On a summer day in 2004 Stan and Jan Parker, who also worked at the museum, picked me up at my place. My house is on the way to the site, just a half mile from the driveway that leads to the Olympia Oyster Company, near where Pete had said he remembered seeing the markers. As we bounced along gravel roads in Stans oversized pickup, I examined a small-scale map on which Pete had marked a huge black X with a felt pen. We had clippers, loppers, pruners, leather gloves, and a couple of cameras with us.

After a few inconclusive inquiries at company houses located on the incline above Oyster Bay, we hacked our way up a bushy hill we thought might be the right one. It had been enthusiastically overgrown with alders and blackberries since Petes decades-old clearing.

Through vines and branches we saw, all at the same time, what we were looking for. We shouted to each other, Look, weve found it. It seemed so unlikely. We were astonished at our own capacity for sleuthing. We had been given so few clues and the territory where the plot might have been was immense.
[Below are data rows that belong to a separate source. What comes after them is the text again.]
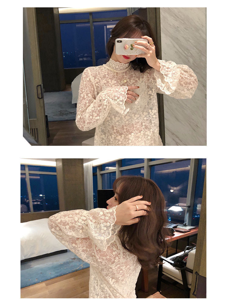 Chic Lace Mesh Blouse – Semi-Turtleneck Elegant Base Layer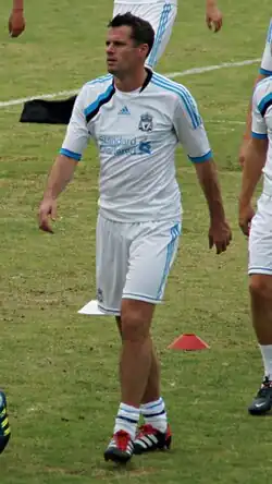Carragher attended the FA's School of Excellence in Lilleshall as a youth.[8] He joined Liverpool, Everton's Merseyside rivals, in 1988; he regularly attended Liverpool's School of Excellence wearing a Graeme Sharp Everton kit.[9] He spent a year at the Everton School of Excellence at the age of 11, but returned to Liverpool due to the club's superior coaching set-up under Steve Heighway.[10] He failed to impress in his first appearances to the Liverpool A and B teams due to his then-small stature, but after being moved from up front to a midfield role he was able to establish himself in the reserve team.[11] He played his first game for the reserves in the 1994–95 season, and was named man of the match against Blackburn Rovers at Haig Avenue.[12] He helped Liverpool to win the 1996 FA Youth Cup with a 4–1 aggregate victory over a West Ham United side that included Rio Ferdinand and Frank Lampard.[13]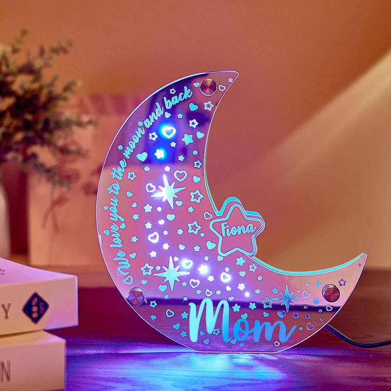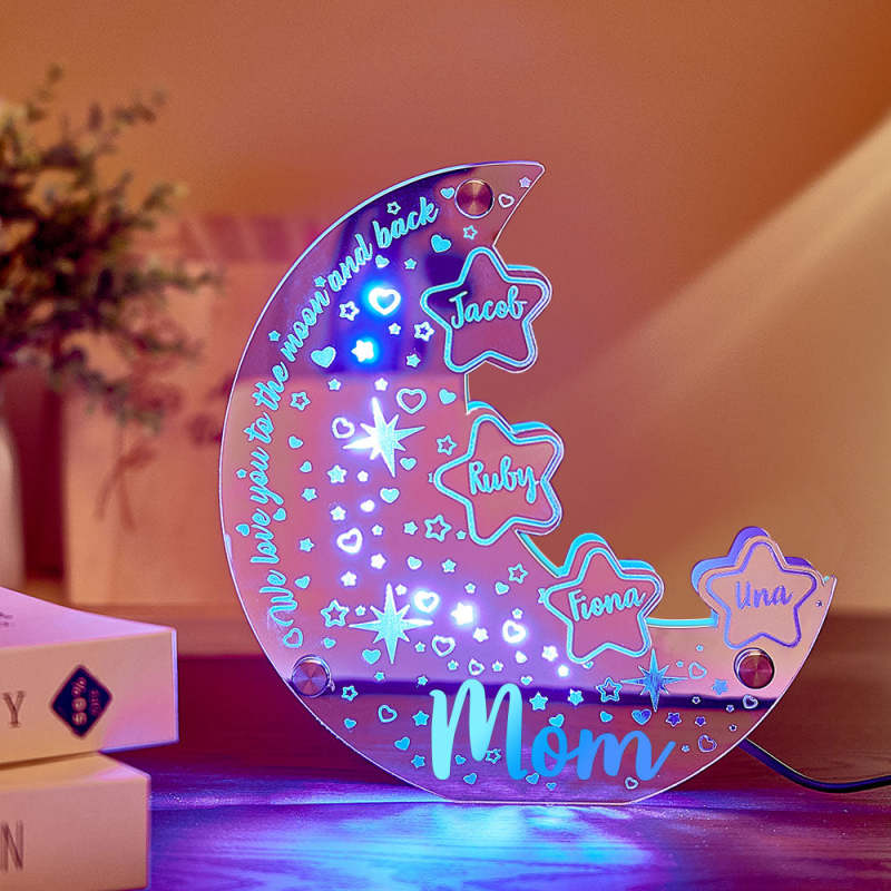 This personalized moon mirror light is the perfect gift for moms! Customize it with a family member's name for a unique touch. The LED lights create a warm and comforting ambiance in any room. Celebrate mom in style with this thoughtful and one-of-a-kind gift.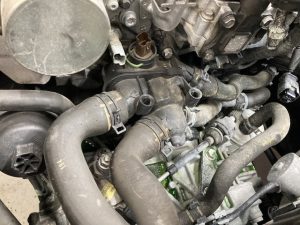 BMW ミニ クーラント漏れBMW ミニワンミニワン サーモハウジング交換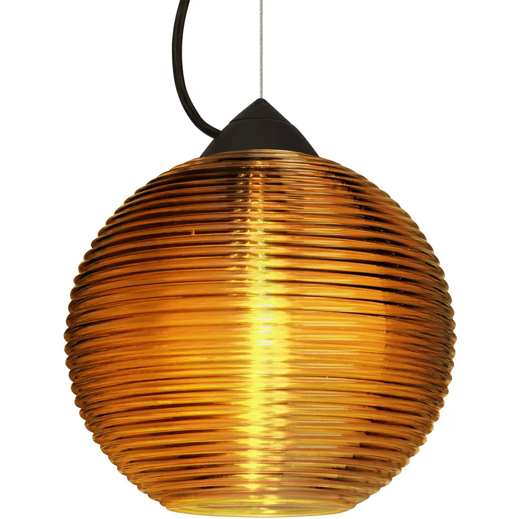 The Kristall is a transparent globe shape, with distinctive ridges, that fits gracefully into contemporary spaces. Our Trans-Amber glass is a colored transparent blown glass. The amber glow has a low key harmonious display that exudes a warm mood. When lit the glass is vitalizing as well as stylish. This blown glass is handcrafted by a skilled artisan, utilizing century-old techniques passed down from generation to generation. The cord pendant fixture is equipped with a 10' SVT cordset and a low profile flat monopoint canopy. These stylish and functional luminaries are offered in a beautiful Black finish.
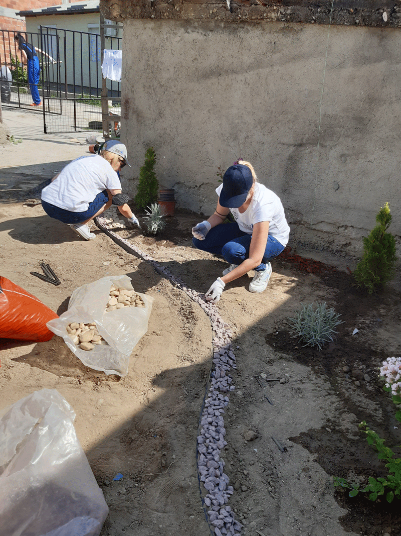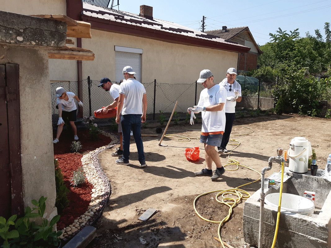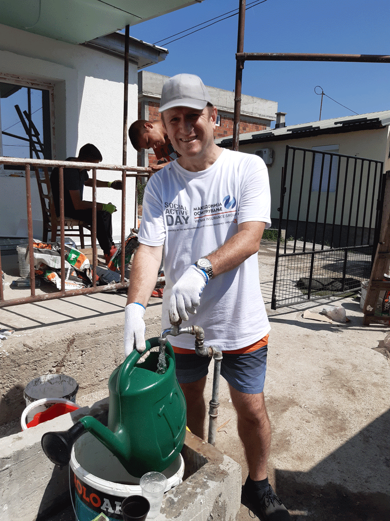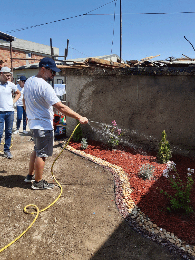Започнавме со финансиска поддршка, која ја надополнивме со годишни полиси за осигурување за домовите кои се дел од проектот, а најважно е што и дел од нашите вработени учествуваа во уредувањето на еден дом во населба Усје кој е дел од проектот. Тие се посветија на уредување на дворот на куќата на еден самохран татко кој живее со својот син тинејџер и го претворија во удобна градина во која тие може да уживаат.

Now silent, aware that this was a sacred space, we walked toward the stones amid the ivy and brush. There were several visible. We knelt near the biggest block. This inscribed slab leaned against a gray, stout, moss-covered base. It took a few minutes to make out the letters through the lichen and discoloration on the monument. The children of Mr. and Mrs. Johnson, it read, Hattie and Henry. Henry died in 1895 at age seventeen. Hattie died in 1897 at age eighteen, according to the inscription.